## WHAT YOU HAVE TO DO
Apart from the pictures, every line below needs to be reproduced verbatim.

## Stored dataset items
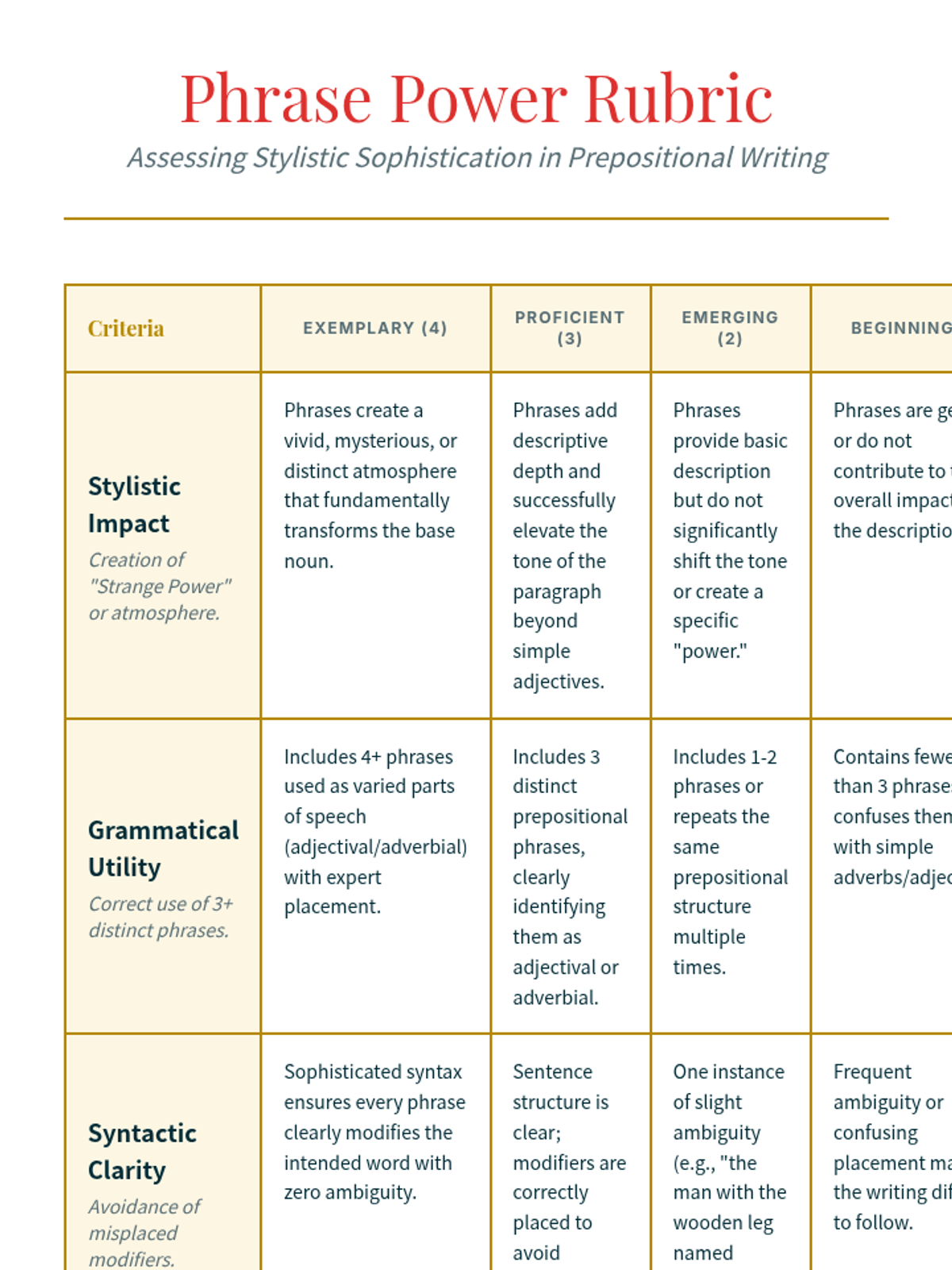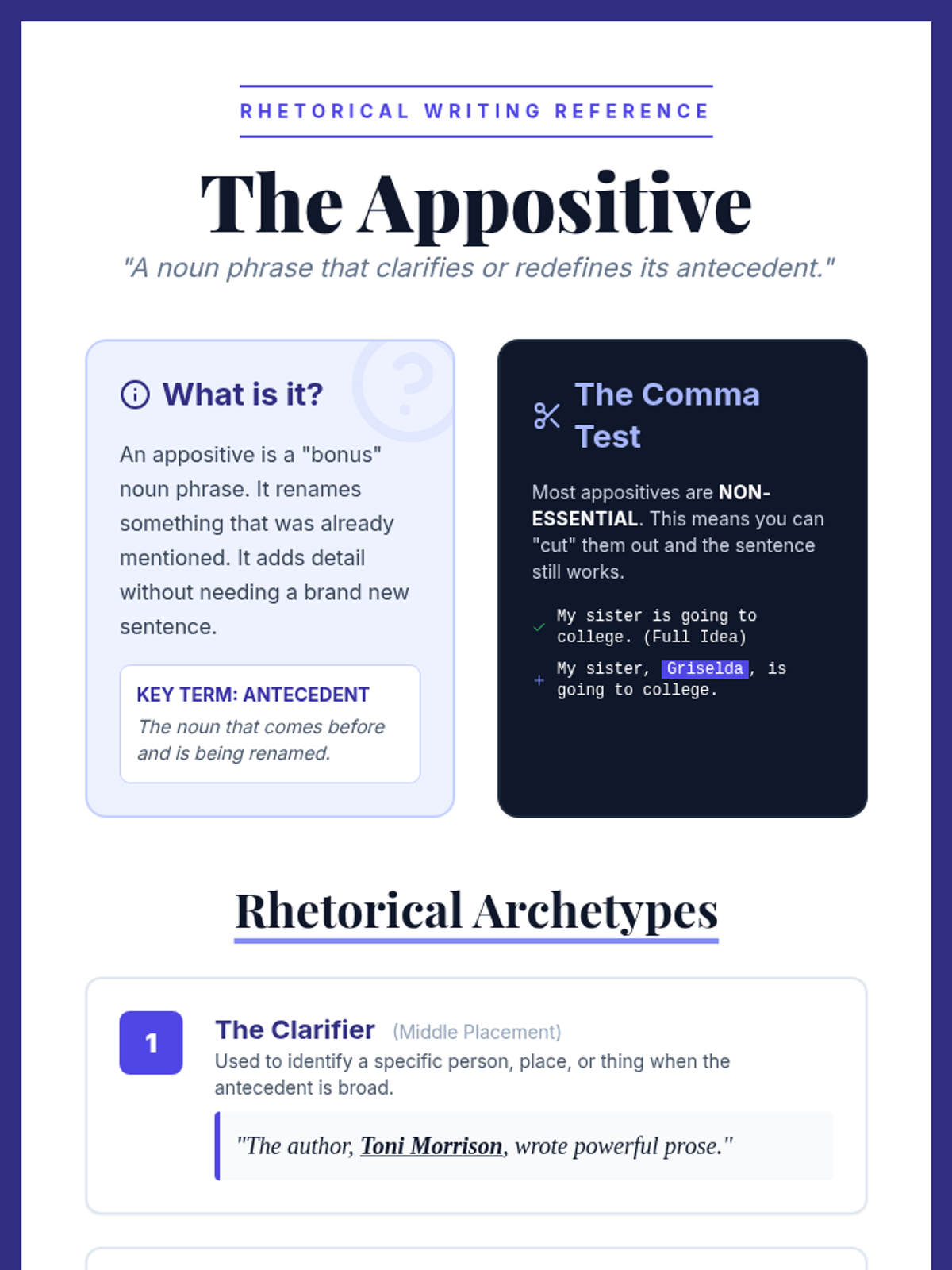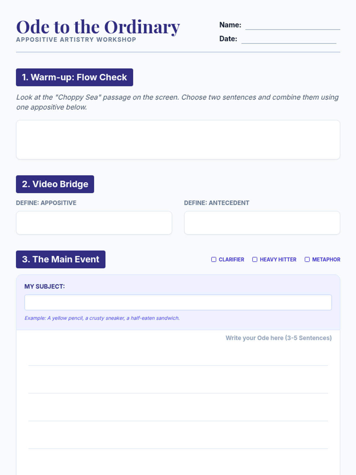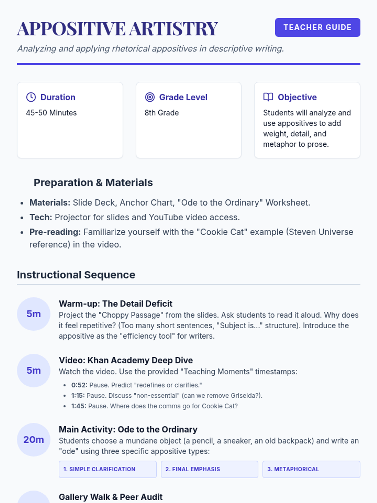 A lesson focusing on the rhetorical power of appositives in descriptive writing, guiding students from basic identification to sophisticated stylistic application.
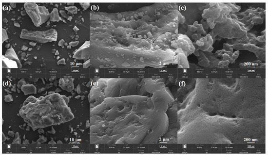 The morphology of the L-Tyr MIP and NIP were revealed by SEM and are shown in Figure 2. As shown in Figure 2a,d, the MIP and NIP are particles, and the NIP has a larger size than that of MIPs. Compared with the high-resolution image of NIP (Figure 2e,f), a rougher surface and many cavities were observed for images of MIP, which are beneficial for the adsorption and recognition of L-Tyr. The formation of a rough surface and porous structure can be assigned to the different preparation processes of MIP and NIP [11,14], template-functional monomer complexes were formed in the fabrication of MIP, and a porous structure appeared after the removal of the template. In addition, the formed cavities are complementary in binding sites, shape, and size to the template.
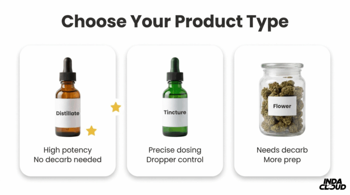 Choosing the right product format shapes every recipe that follows. Distillates offer high concentration and skip the decarboxylation step, tinctures provide precise dropper-based dosing, and raw flower requires heat activation before infusing into fats. Saturated fats like butter, coconut oil, and bacon fat bind cannabinoids far more efficiently than lighter oils, directly affecting how much Delta-8 each serving retains.
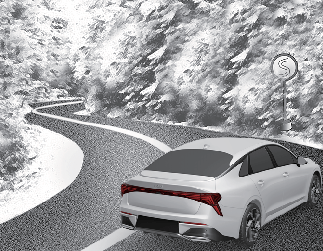 커브가 있는 길을 주행할 때는 브레이크를 밟거나 기어를 변속하지 말고, 미리 속도를 줄인 후, 가능한 한 차체를 똑바로 유지하면서 도십시오.
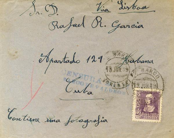 858. 1939. 40 cts violeta. BARCO DE VALDEORRAS (ORENSE) a LA HABANA (CUBA). En el frente marca CENSURA MILITAR / BARCO DE VALDEORRAS, en azul. MAGNIFICA.
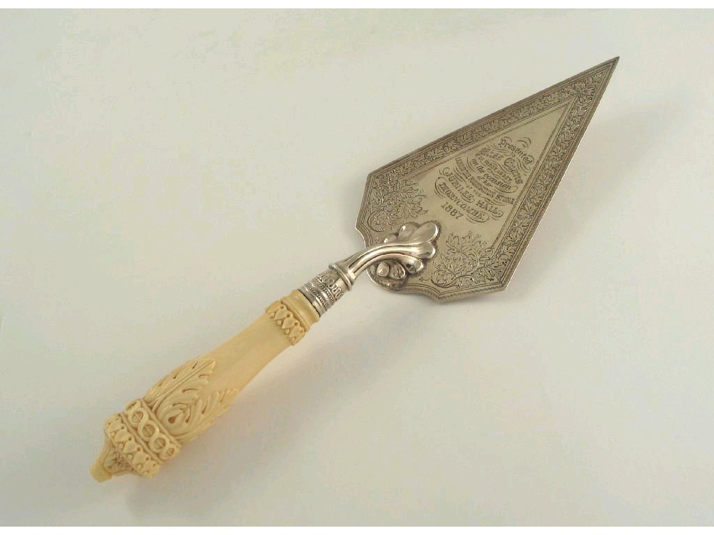 A Victorian engraved presentation trowel, inscribed "presented to Miss Evans of Forde Abbey on the occsion of her laying the foundation stone of the Jubilee Hall, Thornecombe 1887", carved ivory handle, by Edward Hutton, London 1886.
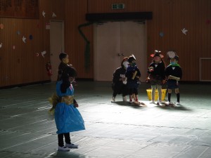 幼稚園からは、「お兄さんお姉さん 優しくしてくれてありがとうございました。中学校に行っても元気にがんばってください」のメッセージと発表会でしたももたろうの劇の一部分を演じ、ももたろう音頭を踊って楽しんでもらいました。
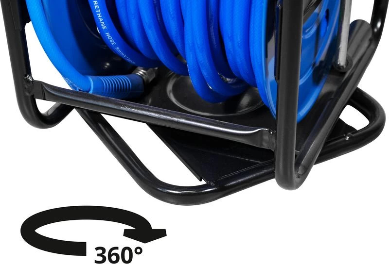 - Kiváló minőségű sűrített levegős tömlőtekercs 30 m sűrített levegős tömlővel- Csavarásmentes, stabil vázszerkezet- Nagy alaplemez biztosítja a biztonságos állást- A keret 360 fokban elforgatható- Csatlakozódarabon lévő csomópontvédelem- Stabil kurbli reteszelő mechanizmussalA Güde sűrített levegős tömlőtekercs tökéletes kiegészítője kompresszorának és sűrített levegős berendezéseinek. A 360°-ban elforgatható vázszerkezeten egy masszív, 30 méteres PU tömlő, a csatlakozásoknál megfelelő gyűrőcsatornákkal biztosítja a maximális rugalmasságot. Az orsó fékkel rögzíthető. A tömlő egy kurbli segítségével könnyen és gyorsan visszahúzható az orsóra. Műszaki adatok max. üzemi nyomás: 17 bar Tömlő hossza: 30 m Belső átmérő: 8 mm Külső átmérő: 12 mm Felszakadó nyomás: 55 bar Anyag: PU Hosszúság: 335 mm Széles: 255 mm Magasság: 360 mm Logisztikai adatok Csomagolási méretek Hosszúság 340 mm Széles 270 mm Magasság 380 mm Nettó súly: 8,14 kg Bruttó tömeg: 8,96 kg GTIN: 4015671028815 Cikkszám: 02881
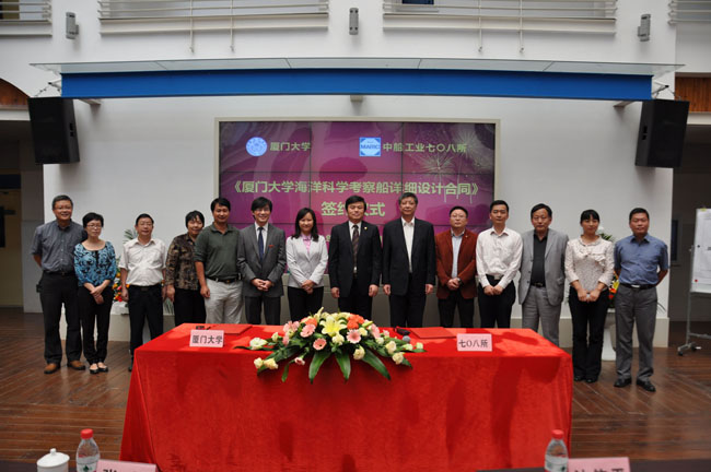 厦门大学重点建设的3000吨级海洋科学考察船详细设计招标工作已圆满结束。11月2日下午,我校张颖副校长代表校方与中国船舶工业集团公司第七○八研究所沈伟平副所长在曾呈奎楼正式签订科学考察船详细设计技术合同,教育部科技司基础处邹晖副处长与学校相关部门、海洋与地球学院及环境与生态学院师生代表见证此次签约。厦门大学海洋科学考察船项目详细设计技术合同的签署,是继今年5月份与美国Glosten公司签订初步设计技术合同之后又一具里程碑式意义的事件,标志着我校海洋科学考察船距船厂招标建造只有一步之遥。
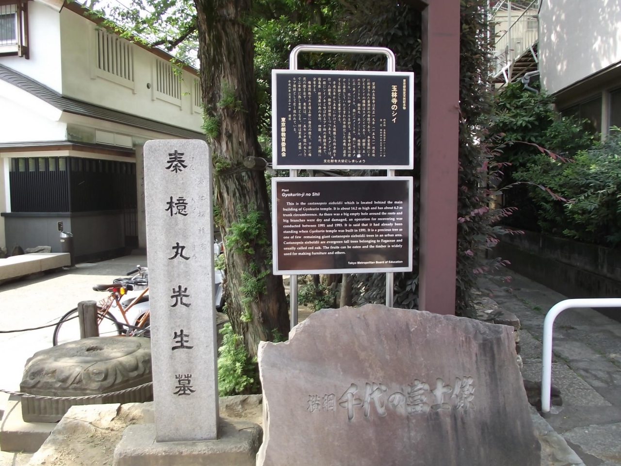 - 地下鉄・根津駅出入口1から言問通りを北東 (谷中霊園) 方向に歩いて3分位の左手にある玉林寺山門右手前に石柱があります
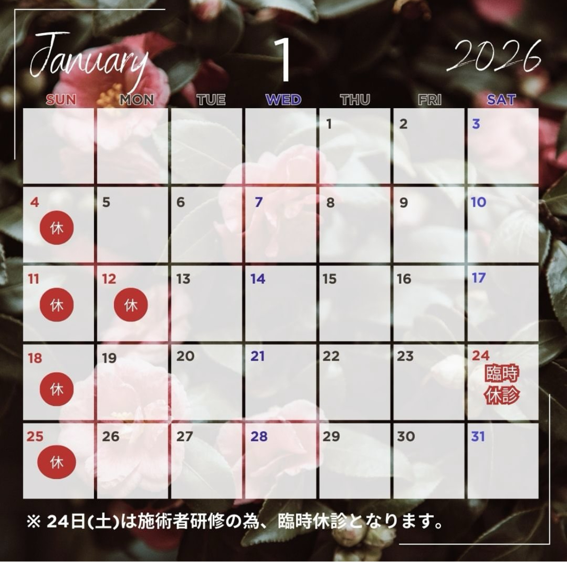 ・1月26日(月):院長・山口は出張のため 不在(※院の診療体制は別途ご確認ください)
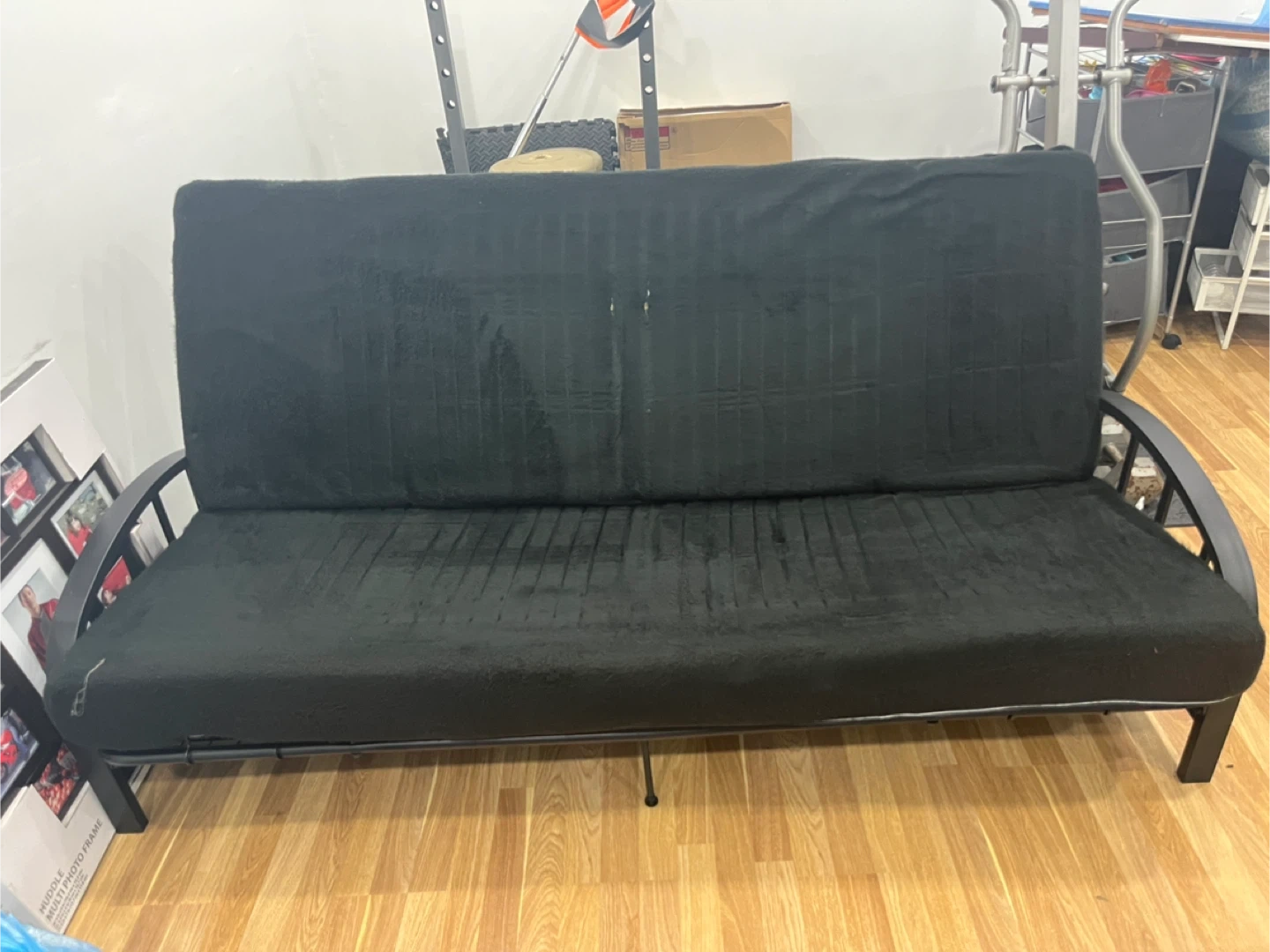 Selling a black futon frame and mattress. The mattress has a small tear, as shown in the picture, but otherwise it's in good condition. The frame is sturdy and easy to assemble. Great for a spare room or basement! MUST PICK UP
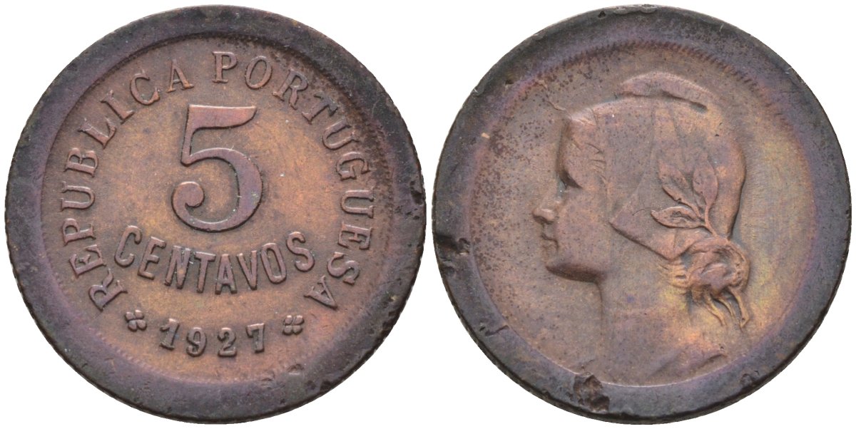 Португалия 5 сентаво 1927 KM 572 бронза 117-343

## TASK RESPONSE
 A lesson focusing on the rhetorical power of appositives in descriptive writing, guiding students from basic identification to sophisticated stylistic application.
 The morphology of the L-Tyr MIP and NIP were revealed by SEM and are shown in Figure 2. As shown in Figure 2a,d, the MIP and NIP are particles, and the NIP has a larger size than that of MIPs. Compared with the high-resolution image of NIP (Figure 2e,f), a rougher surface and many cavities were observed for images of MIP, which are beneficial for the adsorption and recognition of L-Tyr. The formation of a rough surface and porous structure can be assigned to the different preparation processes of MIP and NIP [11,14], template-functional monomer complexes were formed in the fabrication of MIP, and a porous structure appeared after the removal of the template. In addition, the formed cavities are complementary in binding sites, shape, and size to the template.
 Choosing the right product format shapes every recipe that follows. Distillates offer high concentration and skip the decarboxylation step, tinctures provide precise dropper-based dosing, and raw flower requires heat activation before infusing into fats. Saturated fats like butter, coconut oil, and bacon fat bind cannabinoids far more efficiently than lighter oils, directly affecting how much Delta-8 each serving retains.
 커브가 있는 길을 주행할 때는 브레이크를 밟거나 기어를 변속하지 말고, 미리 속도를 줄인 후, 가능한 한 차체를 똑바로 유지하면서 도십시오.
 858. 1939. 40 cts violeta. BARCO DE VALDEORRAS (ORENSE) a LA HABANA (CUBA). En el frente marca CENSURA MILITAR / BARCO DE VALDEORRAS, en azul. MAGNIFICA.
 A Victorian engraved presentation trowel, inscribed "presented to Miss Evans of Forde Abbey on the occsion of her laying the foundation stone of the Jubilee Hall, Thornecombe 1887", carved ivory handle, by Edward Hutton, London 1886.
 幼稚園からは、「お兄さんお姉さん 優しくしてくれてありがとうございました。中学校に行っても元気にがんばってください」のメッセージと発表会でしたももたろうの劇の一部分を演じ、ももたろう音頭を踊って楽しんでもらいました。
 - Kiváló minőségű sűrített levegős tömlőtekercs 30 m sűrített levegős tömlővel- Csavarásmentes, stabil vázszerkezet- Nagy alaplemez biztosítja a biztonságos állást- A keret 360 fokban elforgatható- Csatlakozódarabon lévő csomópontvédelem- Stabil kurbli reteszelő mechanizmussalA Güde sűrített levegős tömlőtekercs tökéletes kiegészítője kompresszorának és sűrített levegős berendezéseinek. A 360°-ban elforgatható vázszerkezeten egy masszív, 30 méteres PU tömlő, a csatlakozásoknál megfelelő gyűrőcsatornákkal biztosítja a maximális rugalmasságot. Az orsó fékkel rögzíthető. A tömlő egy kurbli segítségével könnyen és gyorsan visszahúzható az orsóra. Műszaki adatok max. üzemi nyomás: 17 bar Tömlő hossza: 30 m Belső átmérő: 8 mm Külső átmérő: 12 mm Felszakadó nyomás: 55 bar Anyag: PU Hosszúság: 335 mm Széles: 255 mm Magasság: 360 mm Logisztikai adatok Csomagolási méretek Hosszúság 340 mm Széles 270 mm Magasság 380 mm Nettó súly: 8,14 kg Bruttó tömeg: 8,96 kg GTIN: 4015671028815 Cikkszám: 02881
 厦门大学重点建设的3000吨级海洋科学考察船详细设计招标工作已圆满结束。11月2日下午,我校张颖副校长代表校方与中国船舶工业集团公司第七○八研究所沈伟平副所长在曾呈奎楼正式签订科学考察船详细设计技术合同,教育部科技司基础处邹晖副处长与学校相关部门、海洋与地球学院及环境与生态学院师生代表见证此次签约。厦门大学海洋科学考察船项目详细设计技术合同的签署,是继今年5月份与美国Glosten公司签订初步设计技术合同之后又一具里程碑式意义的事件,标志着我校海洋科学考察船距船厂招标建造只有一步之遥。
 - 地下鉄・根津駅出入口1から言問通りを北東 (谷中霊園) 方向に歩いて3分位の左手にある玉林寺山門右手前に石柱があります
 ・1月26日(月):院長・山口は出張のため 不在(※院の診療体制は別途ご確認ください)
 Selling a black futon frame and mattress. The mattress has a small tear, as shown in the picture, but otherwise it's in good condition. The frame is sturdy and easy to assemble. Great for a spare room or basement! MUST PICK UP
 Португалия 5 сентаво 1927 KM 572 бронза 117-343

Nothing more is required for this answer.